It is too early to really be able to take it all in, but I am back from Lisbon and the European Wine Bloggers Conference (EWBC) 2009.
The conference this year was about 3 times the size of last year’s event, with around 120 bloggers and a great number of producers and other wine businesses there to support the event and promote their wines. That is a big change in a year, and makes me wonder about next year.
I have so many things in my head that writing one post seemed incredibly hard, so I thought I’d kick it off with a brief summary and a few notes of thanks to get the flow going, then over time I can post my thoughts on the sessions, the people, the location, the sponsors, the food, the practicalities of running a large conference and more. Wow, so many things to think about.
First, I need to restate my thanks to Ryan and Gabriella Opaz of Catavino. Although all three of us are listed as ‘organisers’ the load of all parts of the conference was not exactly evenly distributed and Gabriella in particular really does deserve an extra reward for making things happen as well as they did – just don’t hand her an open bottle of wine! (photo by eatlikeagirl)

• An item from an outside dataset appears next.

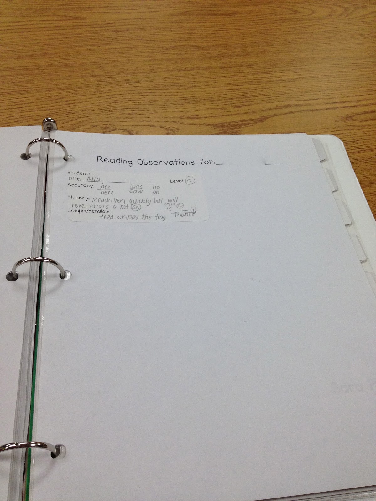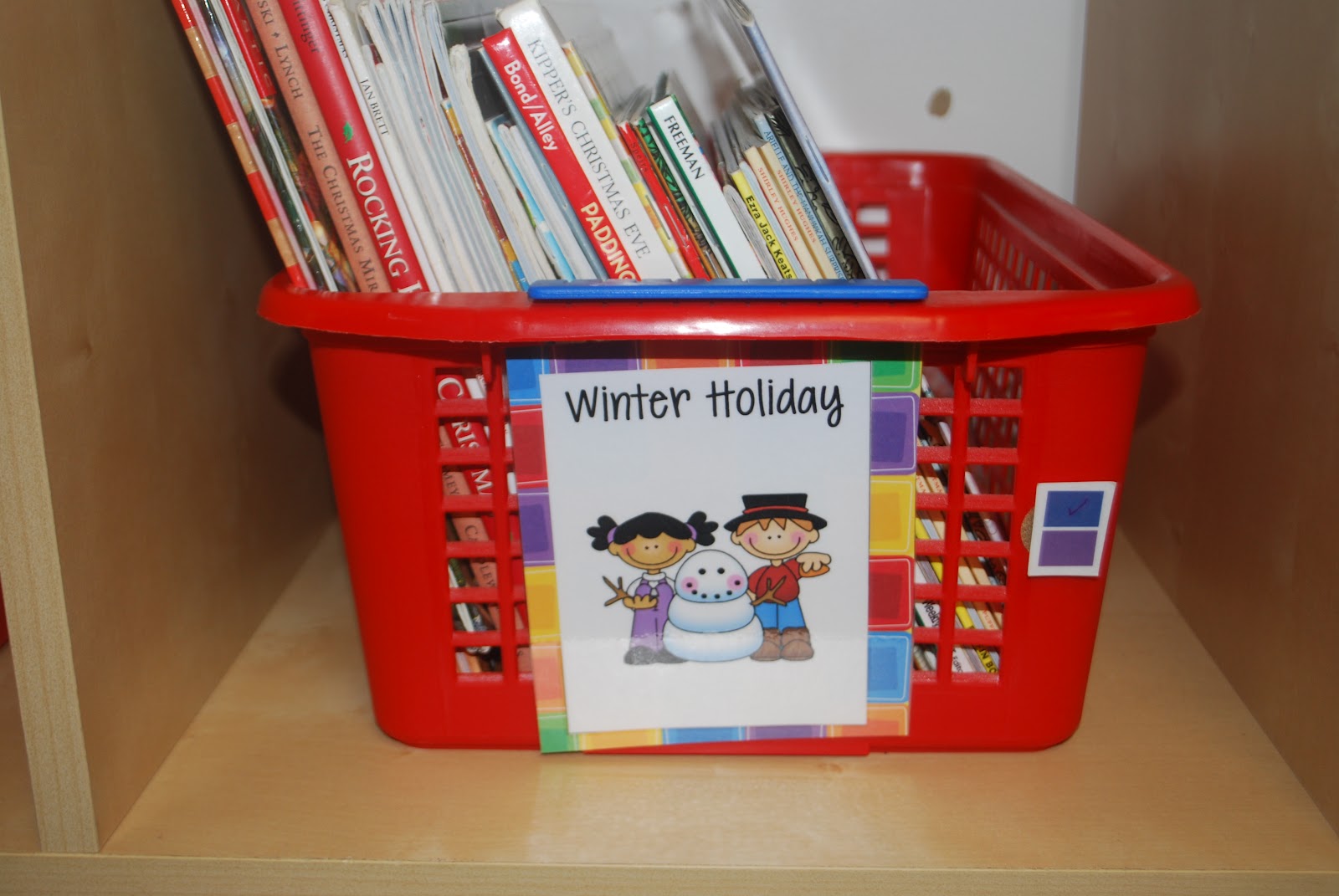 Each of my books has a sticker inside that matches my labels. Â This way students can put the books back in the proper basket.Â

Secondly, as with all conferences of this type, we struggled to keep everyone online so they could email, tweet, blog and generally record their impressions. The hotel network did not, unfortunately, seem up to the task as promised, but the boys from Adegga who are already experts in their own areas (check out their brilliant wine social site) also became our de-facto IT support setting up, monitoring and moving the network for 120 people. Thanks Andre, Andre and Emidio!
I must also mention all those who were at their second EWBC event. They too took on informal roles to support the team, welcoming new friends and encouraging the discussion, and I still think we managed to keep the tone very friendly despite growing the event so considerably. This is down entirely to the community-mindedness of all those involved. Thanks everyone!
So, briefly, what did I learn?
- I really enjoyed Portuguese wine and must buy more of it to learn the key regional differences
- Portuguese food is amazing and deserves a more relaxed enjoyment of it than I was able to devote
- The people of Portugal are very warm and generous. We were always well treated despite being so unusual and being so poor at speaking their language
- That cork is making great efforts and inroads, via people like Amorim, to gain our trust in it again as the best closure for quality wine (more on this very soon)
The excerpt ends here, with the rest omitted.